I personally wouldn't break for two weeks when you can see light at the end of
the tunnel.

------
mixmax
I would push on, get it done in a week and then take a break.

Then you're done, and a break will be good for you to get your thoughts clear
for launch.

------
Kaizyn
Each one of us works differently, but I would say this probably depends more
on your momentum at the present time. If you find that your productivity
remains high, then you probably should push through the final week. However,
if you've seen a precipitous drop in your ability to get work done, then you
should take a break. Why not start with taking 2-3 days off?

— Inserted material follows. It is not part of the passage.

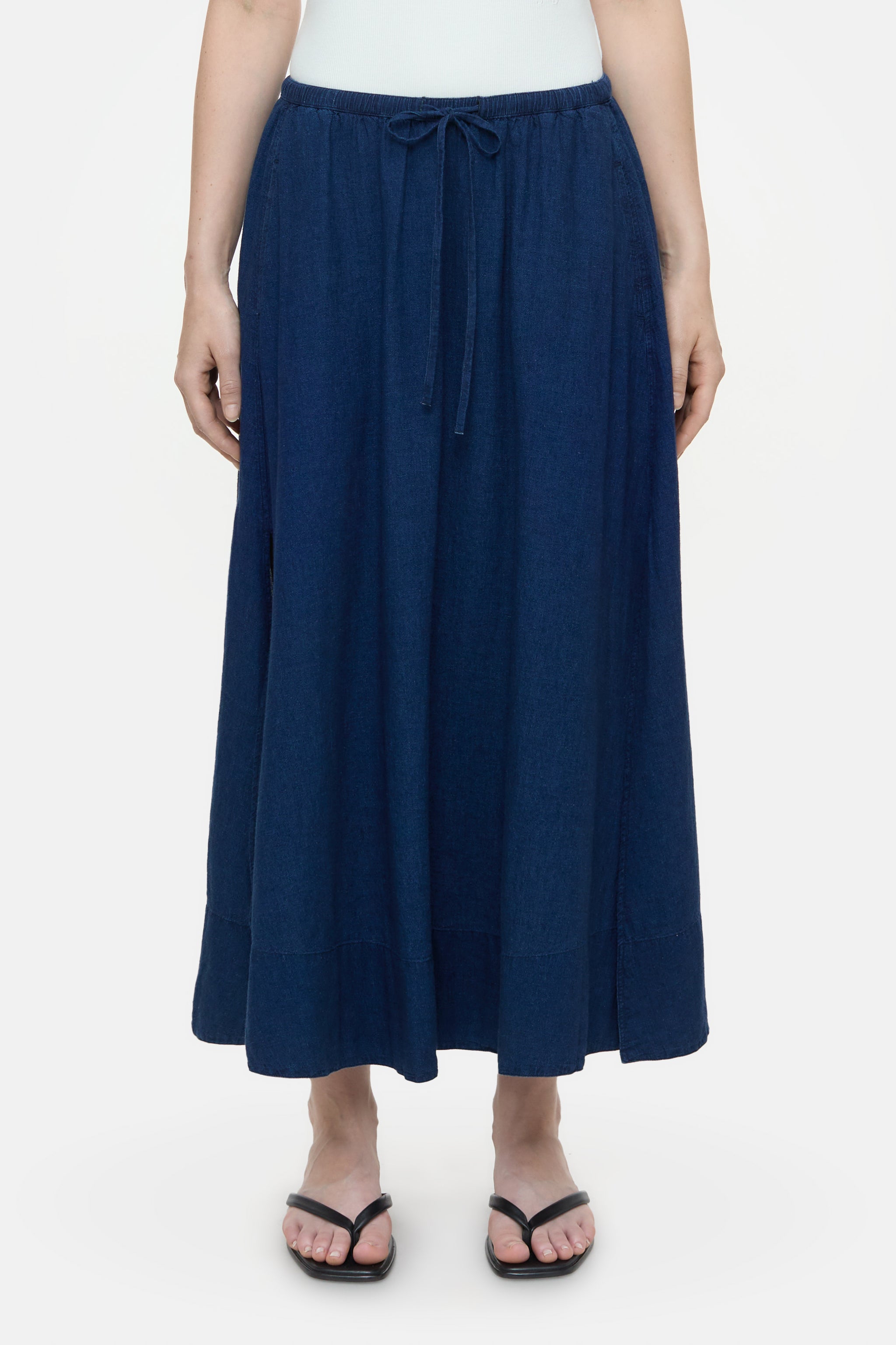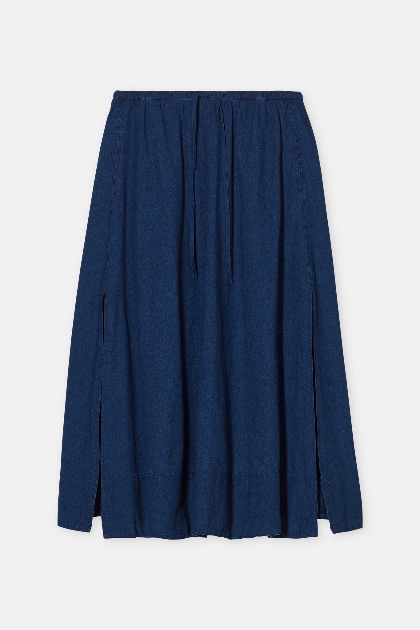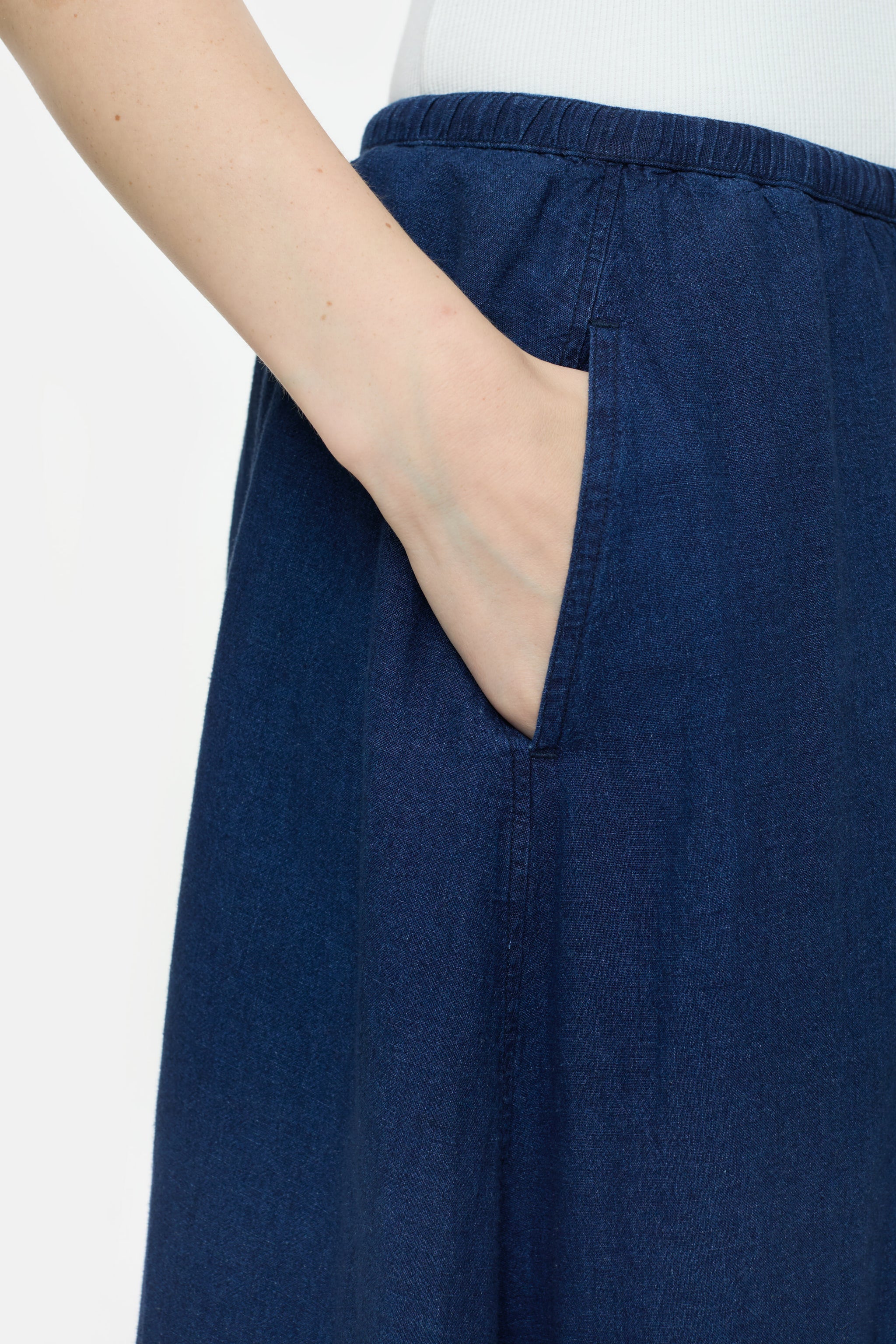 indigoblaue, luftige Leinen-Baumwoll-Mischung, seitliche Schlitze und elastischer Bund

If you still
don't feel like that was enough, then extend it up to 7 or more days as
required. Good luck!

------
NoBSWebDesign
I felt the same way as you right before we launched our site. I tried to take
a week off, but it ended up being a week of me coding for 4 hours a day
instead of 8 hours a day. (I still have a full-time co-op required for
graduation, so this doesn't count my 40 hours a week for that)

Nonetheless, it was very relaxing and I'm glad I did it. At the same time,
when you're this close and really into your company, it's hard to NOT work on
it.

------
redorb
do you what you think your body needs. If you launch and your burnt then what
is the point?